* Available data:
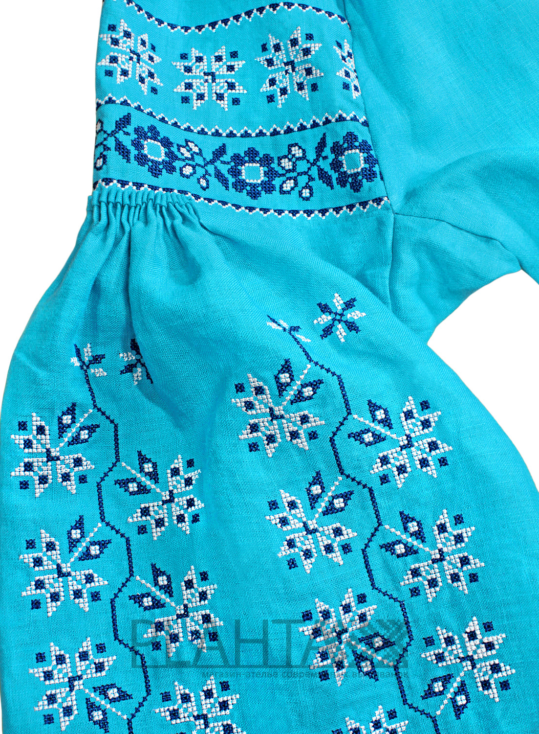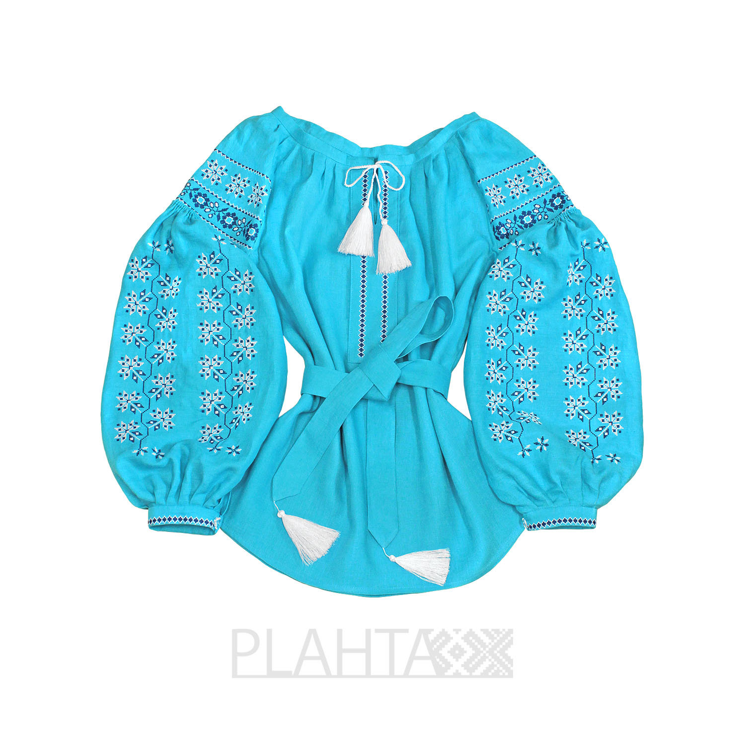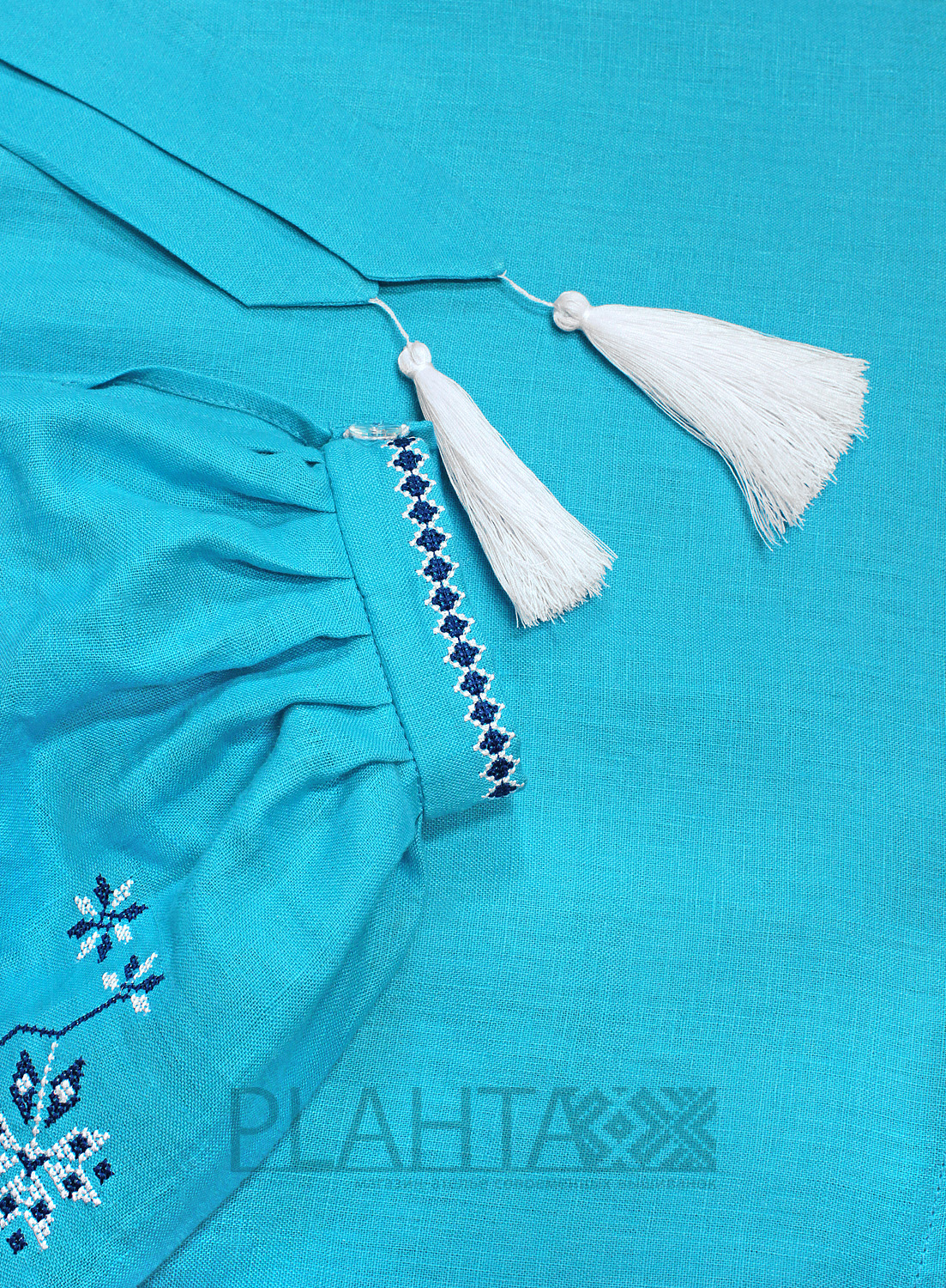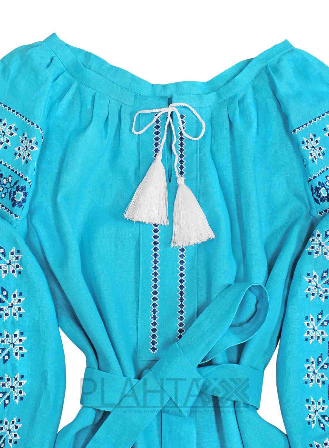 Ясний лазуровий колір тканини в поєднанні з ніжною вишивкою створюють в сумі елегантну туніку "Лазурова Зоря". Ця туніка добре поєднується як з діловим, так і з повсякденним гардеробом, доповнюючи його стильними етнічними нотками.
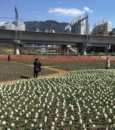 낙동강변을 따라 조성된 화명생태공원에 7만 송이 튤립이 3월20일 현재 활짝피어 관광객을 맞이할 준비가 되었으니 우리는 이 아름다운 튤립을 만나러 가보자~
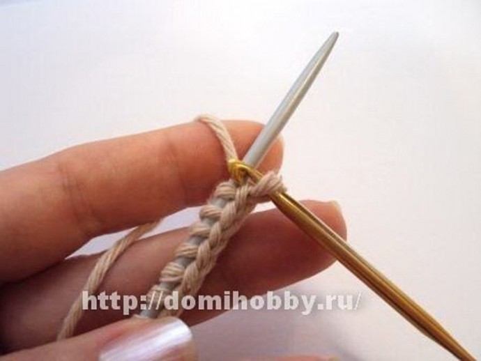 Затем петлю с крючка наденьте на спицу и начинайте вязать выбранным узором.
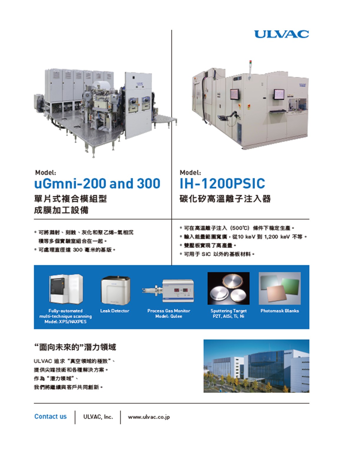 創新經濟館 | 資訊與通訊Technology Introduction: ULVAC has developed an advanced system for processing silicon carbide (SiC) materials. It enhances wafer stability, increases throughput, and reduces contamination, ensuring faster and cleaner production of high-quality SiC wafers. These wafers are ideal for high-temperature, high-frequency, and high-voltage applications, including EV chargers, industrial motors, and renewable energy systems. Industry Applicability: ULVAC’s high-energy ion implantation equipment for compound semiconductors is designed for industries needing advanced materials for high-performance devices. It supports mass production and prototyping, enabling devices with higher efficiency, reliability, and performance. Applications include automotive electronics, renewable energy, telecommunications, and industrial systems.
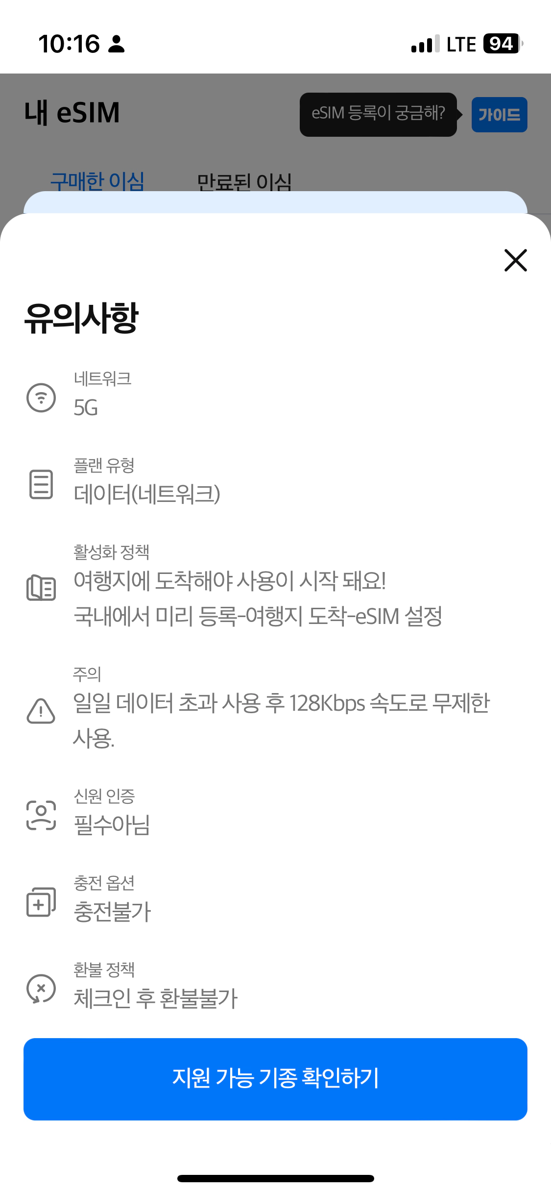 가입도 굳이 전화로 할 필요도 없이 통신사 고객센터 앱에서 가입이 가능하다는 점과 E심 등록, 선불유심 교체, 포켓와이파이 기기처럼 번거로운 점이 없다는 점도 장점이에요.
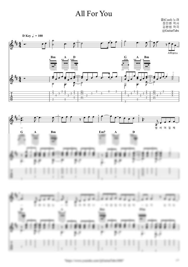 쿨(Cool) - All For You by GuitarTabs

* Task brief: With the pictures excluded, restate word for word each line from the one that contains "가입도 굳이 전화로 할" through the last line of the listing above.

* Written answer:
 가입도 굳이 전화로 할 필요도 없이 통신사 고객센터 앱에서 가입이 가능하다는 점과 E심 등록, 선불유심 교체, 포켓와이파이 기기처럼 번거로운 점이 없다는 점도 장점이에요.
 쿨(Cool) - All For You by GuitarTabs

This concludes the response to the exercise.